I think an MS patient must consider this when viewing studies… There is no money to be made in the studies pertaining to diet, LDN, Inosine, excersize or many other treatments, so I accept them. I view studies on drugs that make corporations billions with a bit more skepticism. Even so I started Copaxone... The mechanism of action has me intrigued more than the efficacy studies.

[zjac020]

I've resisted crab drugs for now whilst im CIS although I'd lean towards Copaxone if I did have to choose one. What worries me about these drugs is how pharma never discloses details of patients who faired worse on the drugs and I don't just mean side effects but more those who've seen their disease progress faster on the drugs ("we will just say these dropped out"), and how the description of the mechanism of action always includes something like "it is not fully understood how the drug works..", that just isn't encouraging to me.

[HarryZ]

if there was no profit to be had in the medical industry it’s unlikely we would get the advances we do. There wouldnt be the incentive for large companies to invest billions to bring a product to market. Many great achievements are overshadowed by the corruption.

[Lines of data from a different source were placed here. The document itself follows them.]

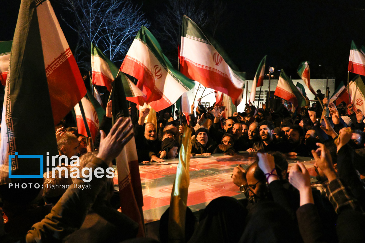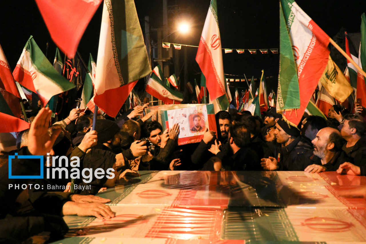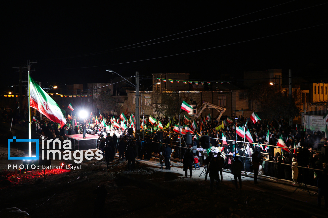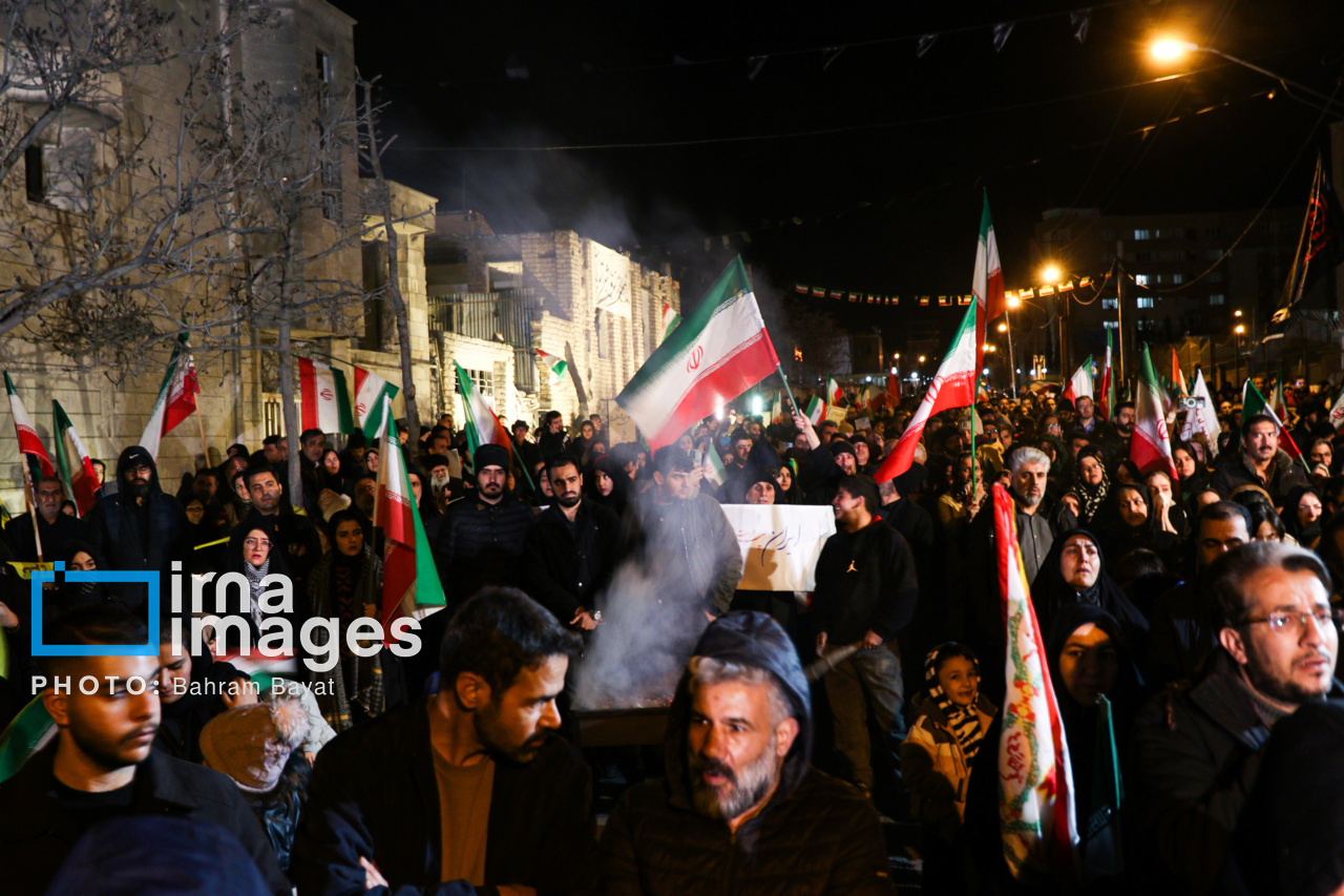 اجتماع مردمی فدایی ها (شامگاه ۲۳ اسفند۱۴۰۴) در محل اصابت موشک آمریکایی-صهیونی در منازل مسکونی شهرک آزادگان زنجان با حضور پرشور مردم زنجان برگزار شد. اصابت موشک آمریکایی-صهیونی در منازل مسکونی شهرک آزادگان زنجان در سحرگاه ۱۹ اسفند موجب شهادت مَهنیایِ ۹ ساله و خواهر و مادرشان شد. ۵ شهید از هم وطنان غیر نظامی که در حمله متجاوزانه رژیم صهیونی آمریکایی به راهدارخانه نیک پی به شهادت رسیدند، مهمان این برنامه بودند.|منبع: ایرنا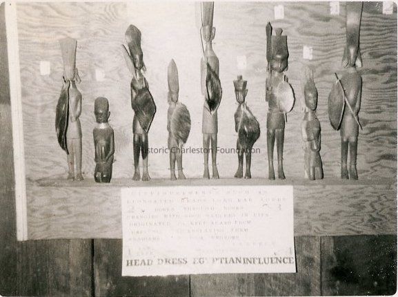 e: Exhibit featuring artifacts representing "head dress Egyptian influence."
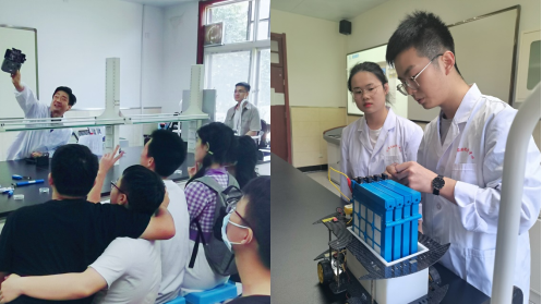 郗凯教授以国家能源需求为切入点,向大家介绍“可充放的世界”中电池在汽车、手机等生活中的应用,讲述锂离子电池、纽扣电池、柱状电池、块状电池的原理及其目前电池的安全性分析,通过无人机演示,讲解无人机对新一代电池的技术需求,现场用无人机为同学们拍照合影留念;肖春辉副教授向学生介绍电池的发展历程,讲述“金属+空气=电池”的原理和优势,以及在助听器、电子手表、计算器、航海照明、电动汽车中的应用场景,并以实验室自制设备进行演示。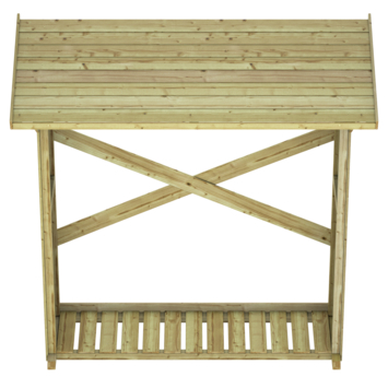 De Haardhoutberging Wenen is een opslagplek voor je openhaardhout. De overkapping en de vloer zijn gemaakt van geïmpregneerd hout. Hierdoor is het hout beschermd tegen onder andere water en schimmels. Zo blijft niet alleen de berging beschermd maar ook het hout wat er in ligt. Er is dus genoeg ruimte om al je openhaardhout in op te bergen, maar het neemt niet veel ruimte in de tuin in. Daarnaast kan de haardhoutberging snel en eenvoudig in elkaar worden gezet.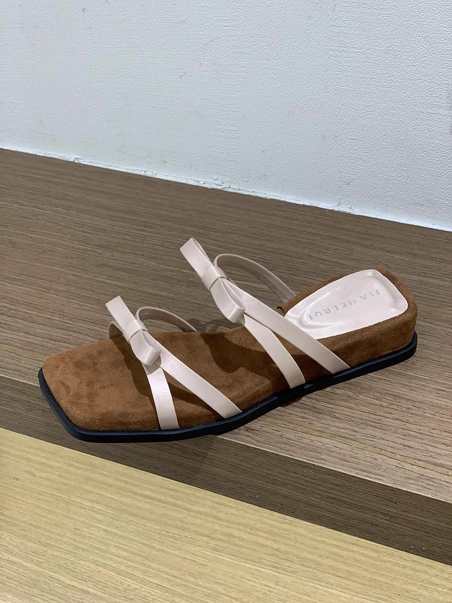 양가죽 버전 ~ 우아한 쐐기 프렌치 팁 샌들 여성의 2025 새로운 여름 활 로마 샌들스토어 가기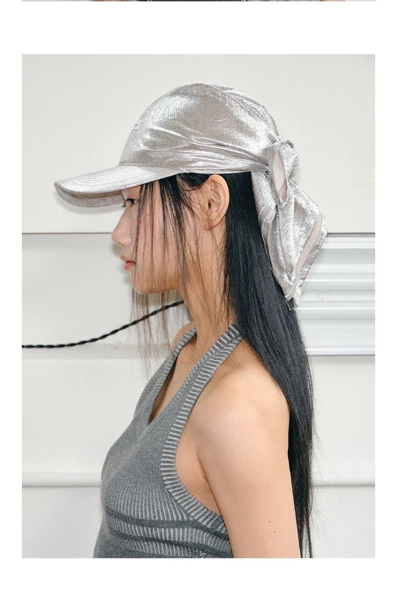 時髦 液態銀 綁帶 休閒 頭巾 棒球帽 鴨舌帽

Yes, you have a point there but most initial medical discoveries are produced by the universities and the drug companies cherry pick those that promise a big return. And these same companies spend far more on marketing and sales than they do on actual research.

I think an MS patient must consider this when viewing studies… There is no money to be made in the studies pertaining to diet, LDN, Inosine, excersize or many other treatments, so I accept them. I view studies on drugs that make corporations billions with a bit more skepticism. Even so I started Copaxone... The mechanism of action has me intrigued more than the efficacy studies.

A MS patient who researchers on the internet has this ability but most rely on their doctors for info. As for Copaxone...you realize that in its initial trials for FDA approval, it failed. Data manipulation finally got it just to the end point numbers needed. The Cochran Group stated Copaxone was all but useless in the treatment of MS. Some patients swear by it. Others say it did them no good at all. It's in the scientific approved category. Makes you wonder! Makes it more than difficult for MS patients to figure out what medication, if any, to take.